Samenleven met meerdere generaties lijkt bijzonder, maar was tot het midden van de vorige eeuw heel gewoon. Anno nu lijken we totaal vergeten hoe het is om in een solidaire samenleving te leven en helemaal terug naar hoe het was is niet de oplossing. Wel moeten we op zoek naar hoe we de natuurlijke rollenpatronen opnieuw een plek kunnen geven in de gebouwde omgeving.
Bij meergeneratiewonen wordt nadrukkelijk gestuurd op randvoorwaarden om die solidaire samenleving tot stand te brengen.

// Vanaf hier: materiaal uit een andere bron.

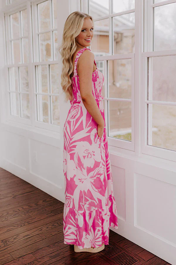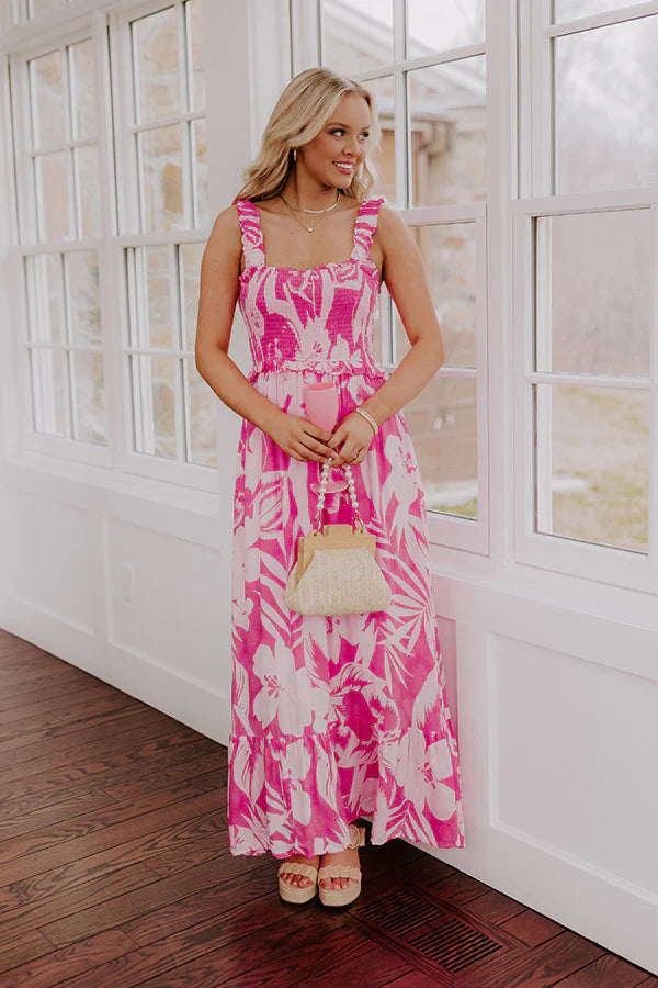 - Twirl through the tropics in this floral maxi dress! The smocked design and stunning print combine for a look that channels all the island vibes you need this season. - Lightweight material with a pink hued floral print - A ruffled square cut neckline - Elastic straps with ruffle detailing - A smocked bodice - An elastic waistline with ruffle detailing - A built-in skirt lining - Hidden side pockets - A flowy and flattering silhouette that ends in a maxi length hemline
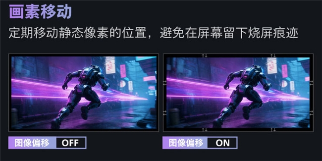 为降低QD-OLED烧屏风险,32M2N8900X还设有屏幕保护程序,通过像素移动、像素刷新、自动降低屏幕亮度、任务栏调光等方式,全方位保障屏幕长期稳定使用,守护面板寿命!
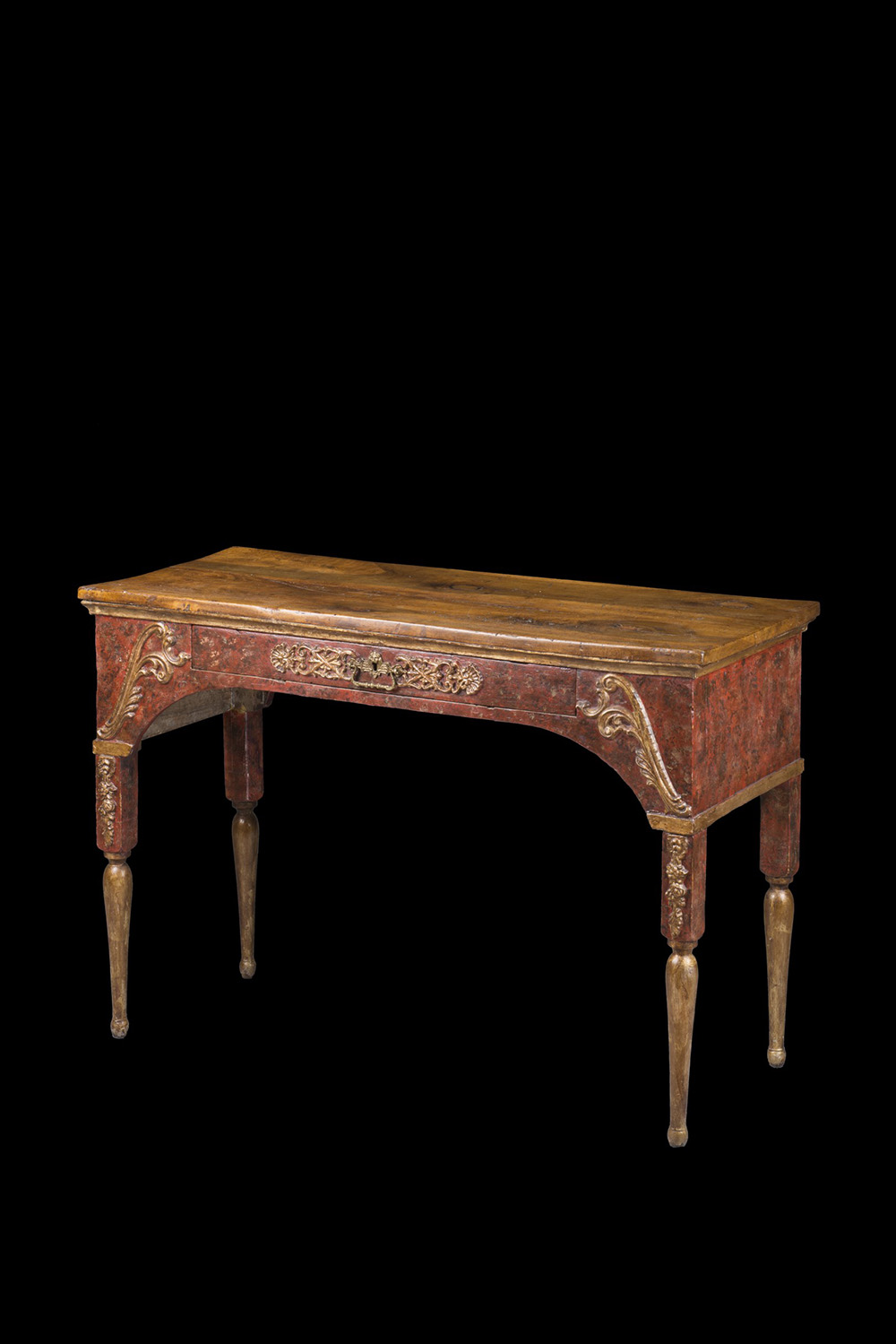 Antico tavolo scrittoio con piano in noce, cassetto nella fascia. Decorato...
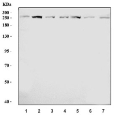 - Western blot testing of 1) human HeLa, 2) human HepG2, 3) human 293T, 4) human Jurkat, 5) rat brain, 6) mouse brain and 7) mouse lung lysate with TAF1 antibody. Expected molecular weight ~250 kDa.
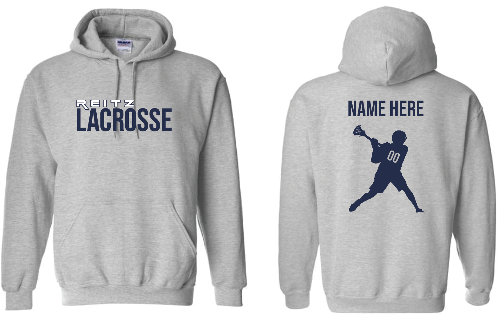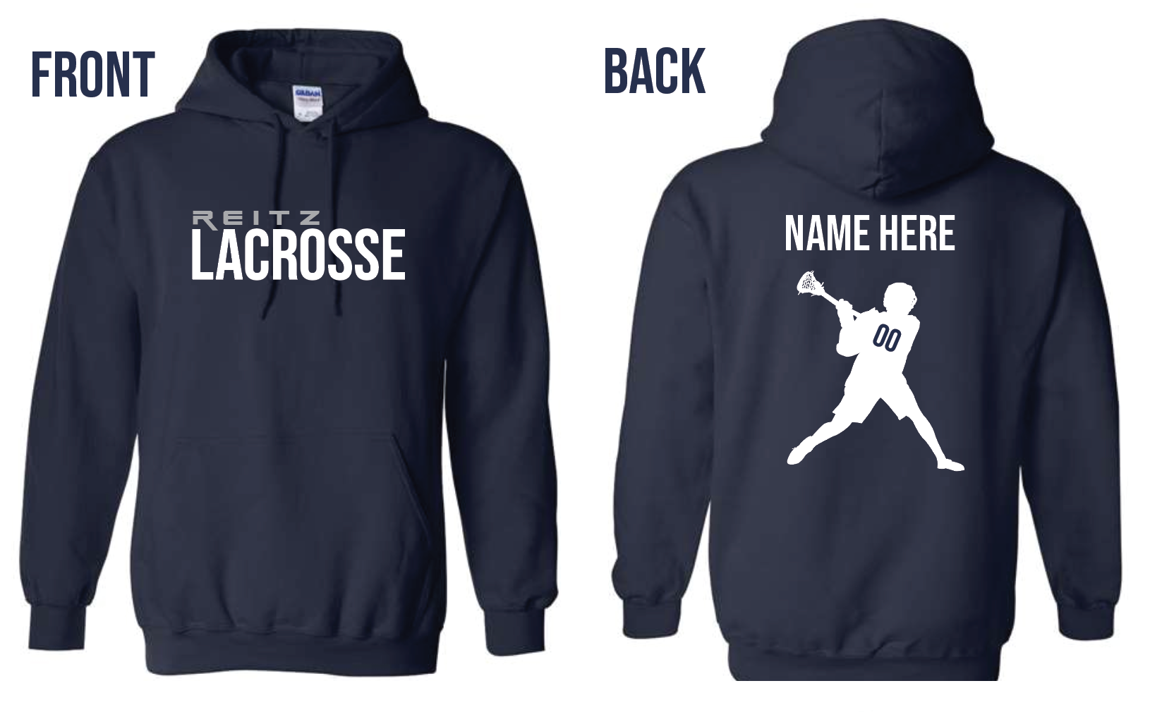 Gildan Solid Navy Blend or Athletic Heather hoodie with direct-to-film. Front and back design. West Market original design - do not copy. Product SP107.
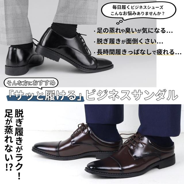 サンダルタイプのビジネスシューズで、スーツと合わせても違和感なくご使用いただけます。
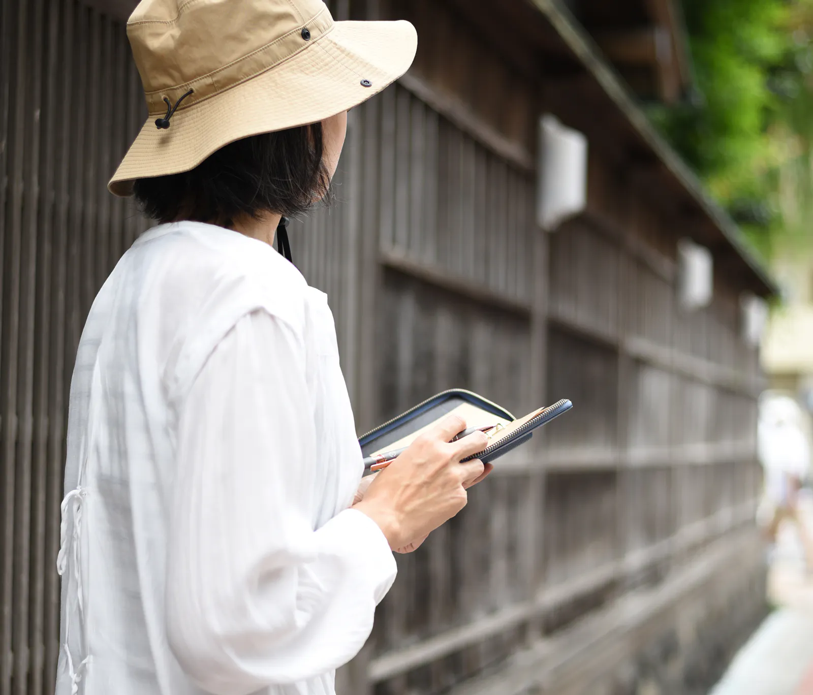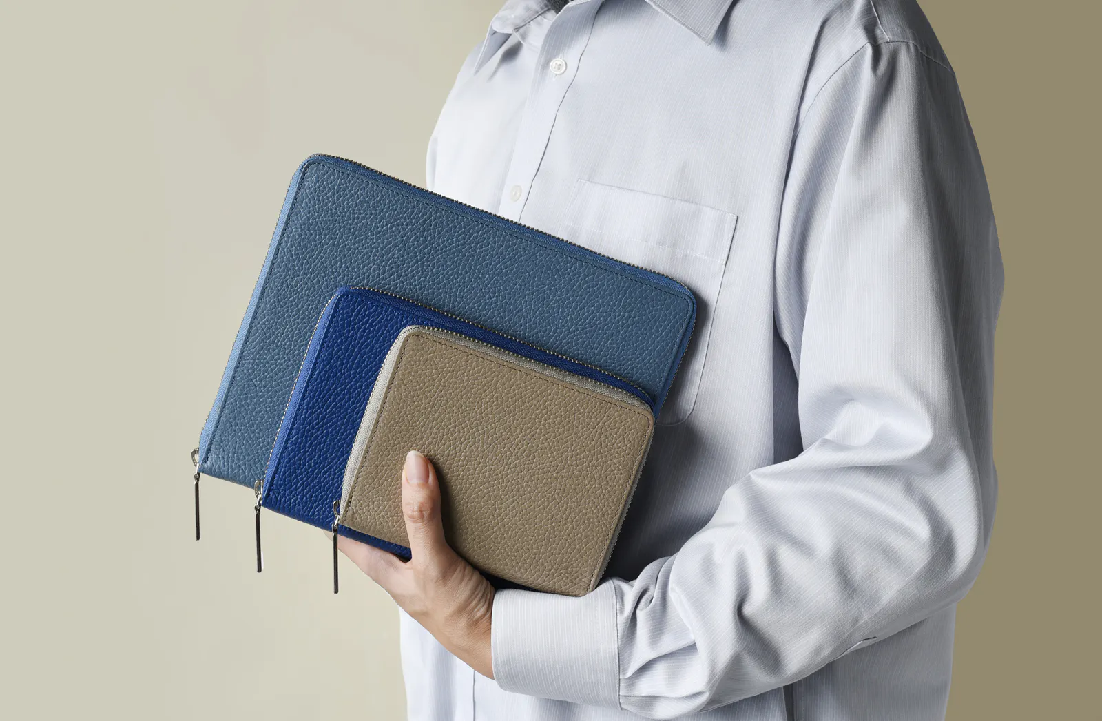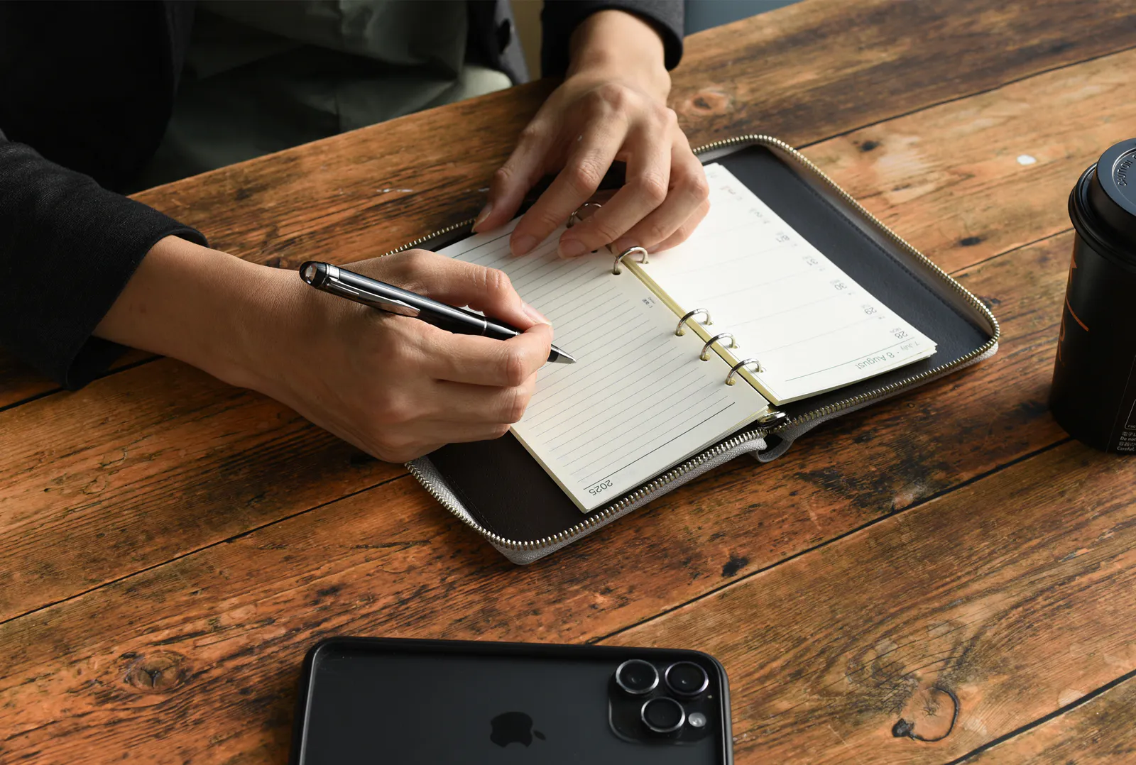 ZIP手帳は激しい動作や多忙な現場でも中身が落ちないよう、あえて外側にポケットを設けないシンプルな構造で仕上げていました。
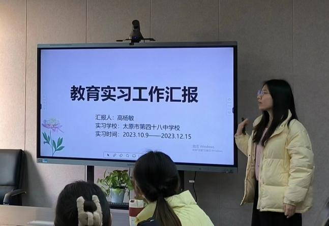 本学期新葡官网6名卓越生分别赴太原市第四十八中学校、太原市进山中学、临汾市第一实验中学,进行了为期十周的教育实习。高杨敏同学从基本情况、教学工作、班主任工作和实习感想四方面汇报了在四十八中的实习经历。贾倩同学和董亚菲同学分别以生活篇、工作篇、学生篇和告别篇,从学校概述、实习情况和实习感悟等方面介绍了在进山中学实习的状况。白晓青同学、郭佳运同学和李雨萌同学则从遇师、育人、寓教和愈己等方面分享了在临汾一中实习时承担的教学、管理工作与实习收获。
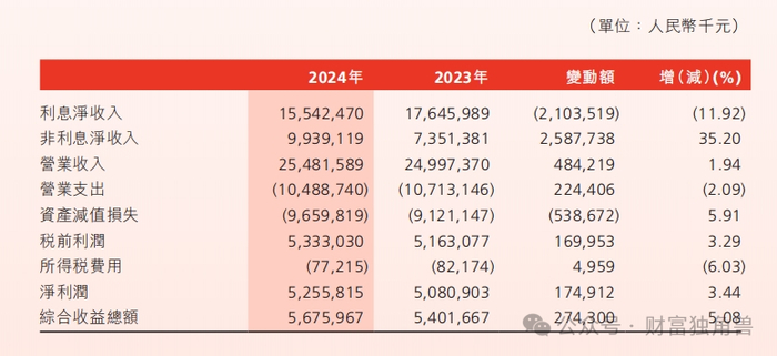 渤海银行在2024年度的经营数据反映了其收入结构的显著变化。根据年报,2024年该行的非利息净收入达到99.39亿元,较上年增长了35.20%。
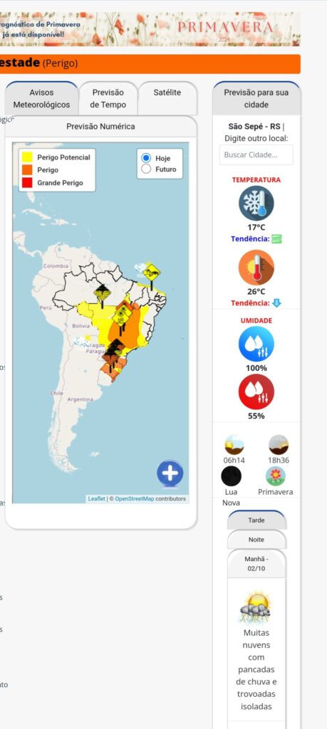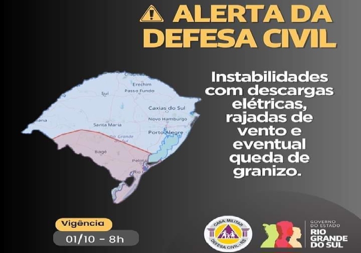 ⚠️ A Defesa Civil emitiu um alerta de instabilidades para o dia 1º de outubro de 2024, com riscos de descargas elétricas, rajadas de vento e eventual queda de granizo em São Sepé e regiões próximas.
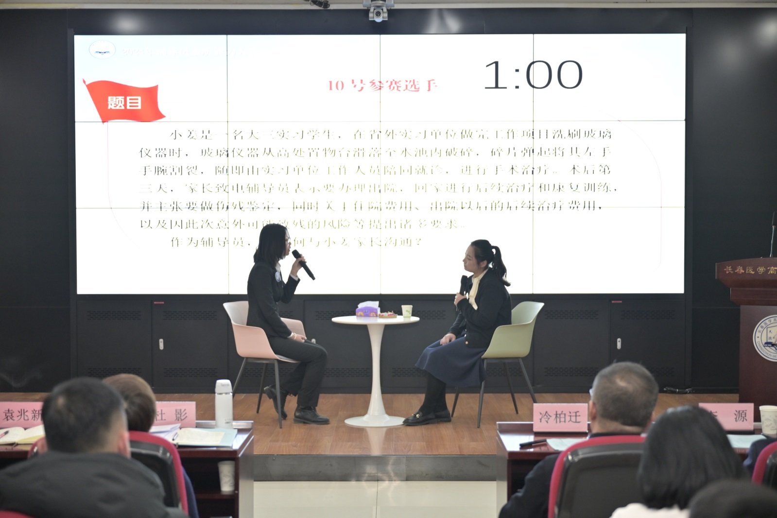 决赛以两两结对AB角互换的形式,展开谈心谈话赛项的比拼。每组选手抽取题目再现案例情景,谈心谈话6分钟后,主讲辅导员进行2分钟案例总结,全面分析个别矛盾及成因,提炼共性问题及解决方案。本次比赛选题紧扣学生管理日常的重点、难点,包含心理危机事件干预、网络舆情应对、寝室矛盾调解、学生干部作风引导和家校纠纷处理等多类别问题,需要参赛辅导员以相关政策法规为依据,结合学生呈现出的思想动态和日常行为特点,对案例进行有效梳理和解析。
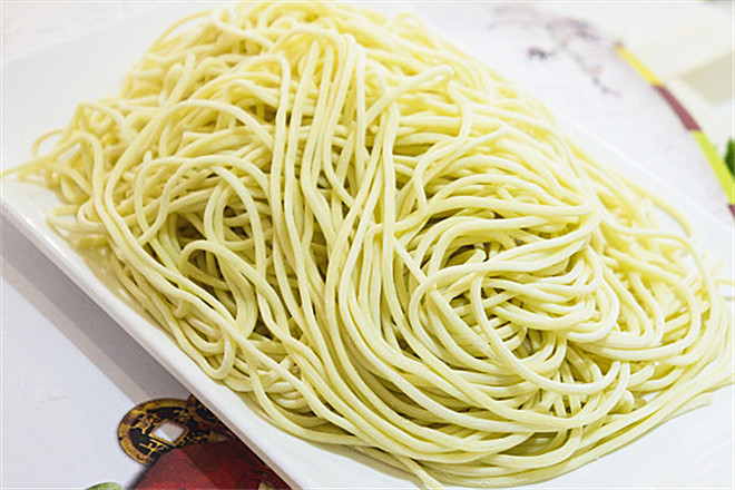 1.将面粉与鸡蛋加水和成面团,擀好切成细面条。豆粉用作擀面时的散粉。
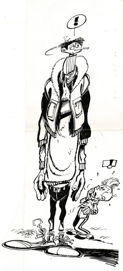 Spirou, dessin original à l’encre de chine offert à Thierry Martens (pli horizontal). Dimensions : 29 cm x 13 cm.
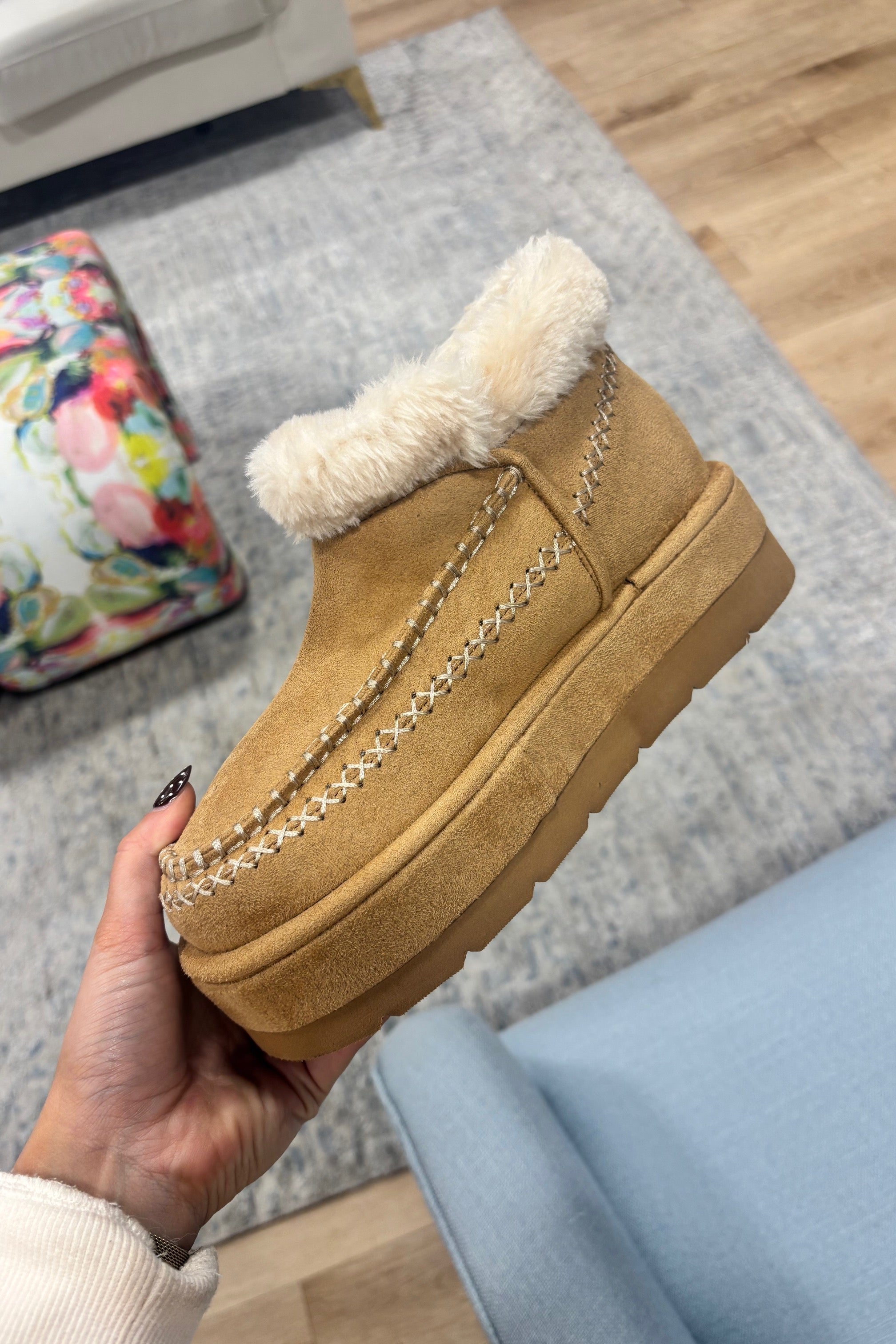 Soft, neutral, and endlessly wearable-ULLA in Bone Suede brings a fresh twist to cozy winter styling. With its tonal whipstitch details, plush faux shearling trim, and elevated sole, this bootie feels both grounded and elevated. Pair it with knits, denim, or loungewear for a snug-yet-stylish cold weather look.

Er wordt gestreefd naar een mix van doelgroepen die een bepaalde zorgverlenende capaciteit hebben en een zorgvragend potentieel, zoals senioren, studenten, gezinnen en alleenstaanden.
Geen woonconcept, maar een mindset
Vaak wordt meergeneratiewonen gezien als woonconcept, maar ik zie het eerder als een mindset die wordt gedeeld door alle betrokkenen die een meergeneratieomgeving vormgeven én gebruiken. Het gaat om solidariteit in de gebouwde omgeving, waarbij verschillende generaties naar elkaar omkijken. Dat kan op verschillende schaalniveaus: binnen de woning, binnen een gebouw, op een erf, binnen een buurt of wijk.
Dit is echter gemakkelijker gezegd dan gedaan. Die mix wringt met de Nederlandse bouw- en ontwikkelcultuur. We zijn erg gewend in doelgroepen te denken, zoals seniorenappartementen of starterswoningen. Binnen één gebouw is er vaak weinig variatie. De overheid stuurt op concentreren en clusteren van woonvormen.
Ondanks de voordelen op het gebied van doelmatige zorg en kosten, gaat dit gepaard met een maximale schaalomvang. Door generaties beter te mengen in de woonomgeving wordt het mogelijk om allerlei slimme combinaties te maken. Door vormen van zelforganisatie wordt het ook mogelijk om psychologische, sociale én economische voordelen te behalen.
Aan de vooravond van een enorme woningbouwopgave, het doorzetten van de vergrijzing en de benodigde zorg die op ons afkomt, is er grote urgentie om door te pakken. Essentieel hierbij is dat we de handen ineenslaan.
Op landelijk niveau ligt het voor de hand om verbindingen te intensiveren tussen zorgverzekeraars, corporaties en beleggers, zodat financiering van de grond komt. Op gebiedsniveau zijn integrale en gedeelde visies nodig. Ook beleidsmakers zullen zich wat meer van hun creatieve kant moeten laten zien en flexibeler moeten omgaan met bestaande kaders.
We moeten met binnenstedelijke projecten niet alleen nadenken over wat we toevoegen, voor wie dat is en hoe we de ruimte zo inrichten dat ontmoeting en lichte zorg als vanzelf ontstaan, maar ook hoe we dat borgen voor de toekomst. Zo zijn we in staat om solidariteit te stimuleren met onze ontwikkelingen. Met daarbij een belangrijk ingrediënt: een beetje meer zorg en liefde voor elkaar.